Неуютно в нашем саду —
соловьи да соловьи.
Мы устали жить на свету,
мы погасим свечи свои.
Невероятно простая, чистая музыкальная интонация. Где пролегает перелом в Сосноре от советского поэта к несоветскому – так это, конечно, «Город Китеж». Хорошо помню, как в воюющей Украине, еще в 2022 году, читал эти стихи Ваньке Макарову, любимому моему украинскому поэту, еще тогда в Днепре (теперь он в Киеве). И «Сказание о граде Китеже» – наверное, самое сильное стихотворение Сосноры (по крайней мере, раннего). Но думаю, что… И я без слез всегда не могу это читать, это всегда очень мощное для меня переживание.
Но Соснора зрелый – тут важно понимать эмоции, которые им владеют. Почему лексически сложен его мир, почему сложен его синтаксис, почему Соснора вообще сложный поэт? Потому что сложна главная эмоция, которая его обуревает. Это ледяное, шляхетное презрение к миру, четкое понимание, что мир может ему предложить и одновременно мучительное, тоскливое, унылое сострадание. Я думаю, что это очень польская эмоция – эмоция Тадеуша Боровского, Куничека. Мир не стоит гроша, но терять его жалко. Мир не заслуживает моей любви, но не любить я не могу. Поэтому главная эмоция Сосноры – это такая эмоция странствующего рыцаря, который прекрасно все понимает, который не хочет защищать этот мир… есть такое ремесло – рыцарь-одиночка. Он не хочет, но обязан его защищать. Муза Сосноры – это в огромной степени муза презрения, конечно.
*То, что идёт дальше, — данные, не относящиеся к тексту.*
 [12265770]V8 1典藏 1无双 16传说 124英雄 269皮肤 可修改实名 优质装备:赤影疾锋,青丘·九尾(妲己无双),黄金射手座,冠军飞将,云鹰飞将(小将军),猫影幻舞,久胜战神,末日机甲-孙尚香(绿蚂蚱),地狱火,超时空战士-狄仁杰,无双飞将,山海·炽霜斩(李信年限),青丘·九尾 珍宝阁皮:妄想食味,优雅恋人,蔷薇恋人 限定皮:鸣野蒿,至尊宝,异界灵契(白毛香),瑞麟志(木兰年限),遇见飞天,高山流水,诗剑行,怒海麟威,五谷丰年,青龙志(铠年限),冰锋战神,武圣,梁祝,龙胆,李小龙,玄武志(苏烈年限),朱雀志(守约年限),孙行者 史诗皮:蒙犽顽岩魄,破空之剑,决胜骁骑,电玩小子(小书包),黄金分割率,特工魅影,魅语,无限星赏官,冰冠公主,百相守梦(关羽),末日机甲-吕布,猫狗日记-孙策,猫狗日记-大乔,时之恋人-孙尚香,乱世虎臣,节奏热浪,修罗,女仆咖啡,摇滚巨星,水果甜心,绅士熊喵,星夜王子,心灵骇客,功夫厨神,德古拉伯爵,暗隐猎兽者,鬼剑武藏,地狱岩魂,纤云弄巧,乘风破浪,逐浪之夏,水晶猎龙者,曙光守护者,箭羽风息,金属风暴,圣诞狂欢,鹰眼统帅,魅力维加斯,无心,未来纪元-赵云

Соснора – поэт далеко не для всех. Его несколько навязчивая парономазия, любовь к созвучиям и внутренним рифмам, его невероятная плотность, отжим любой воды, который иногда делает тексты полностью не понимаемыми, – все это никоим образом не показатель нарочитой усложненности, нарочитого авангардизма. Это показатель реальной усложненности его жизни. Ведь советский поэт, понимаете, не мог быть несоветским. Он не мог переместить себя в иную среду. Это удавалось людям невероятной физической мощи – таким, как Синявский, который в 50-перестал быть советским человеком. Но Соснора видит контекст времени, понимает этот контекст. Его оторвать от этого контекста очень трудно, избавиться от жизни очень трудно.
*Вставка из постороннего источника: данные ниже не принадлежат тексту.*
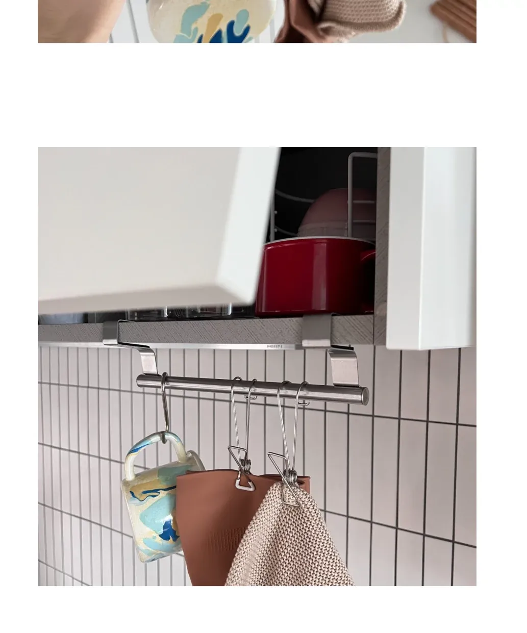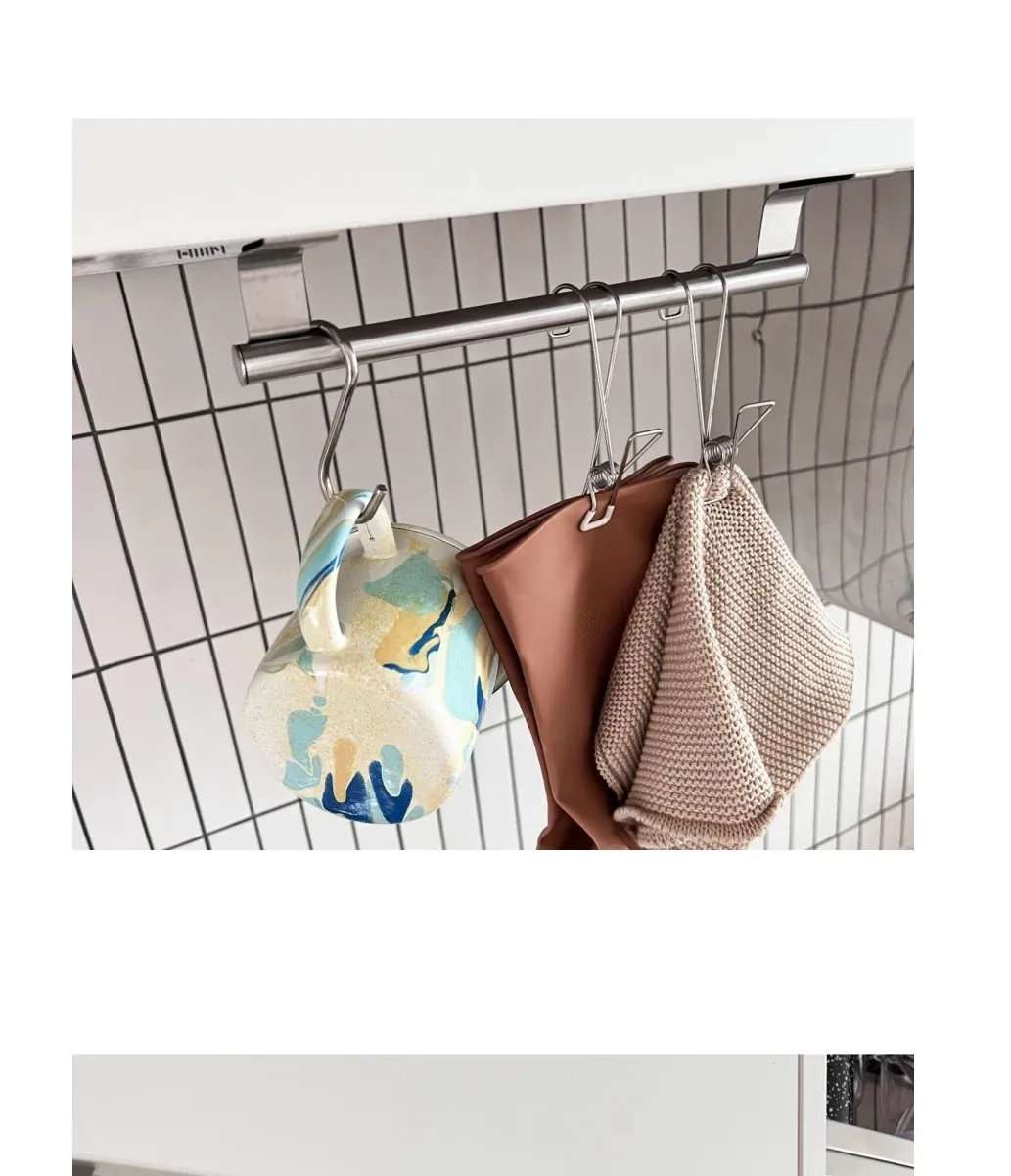 Ins Style No-Drill Iron Cloth Rack - Cabinet Door Hooks for Hanging, Space-Saving Organizer & Towel Bar, Perfect for Kitchen and Bathroom Use

Ключевое событие в жизни Сосноры – это, конечно, самоубийство жены Марины. Вспоминаю стихи Татьяны Галушко об этом:
Марина отравилась дихлофосом,
Красотка умерла, как таракан.
Спускался снег к ее рыжим косам,
К недвижно голубеющим щекам.
Это такое, знаете, тоже обнаженное страшное зрелище смерти, которое для этого поколения было естественным. Они, как и все модернисты, не любили испытывать навязанные эмоции. Но это довольно страшное дело, прямо скажем. Я думаю, что самоубийство жены поселило в Сосноре комплекс отношений, невероятно сложный: с одной стороны, мучительное раскаяние и тоску, с другой – чувство, что его предали, что его бросили. Это страшное ощущение. Ну и вообще он был поэт трагический, роковой, оглох полностью, его чтение стихов было совершенно… невозможно было понять, что он говорит. Поэтому это привело его в состояние полной изоляции, полной замкнутости. Последние стихи совершенно, как у Шаламова, невозможно понять.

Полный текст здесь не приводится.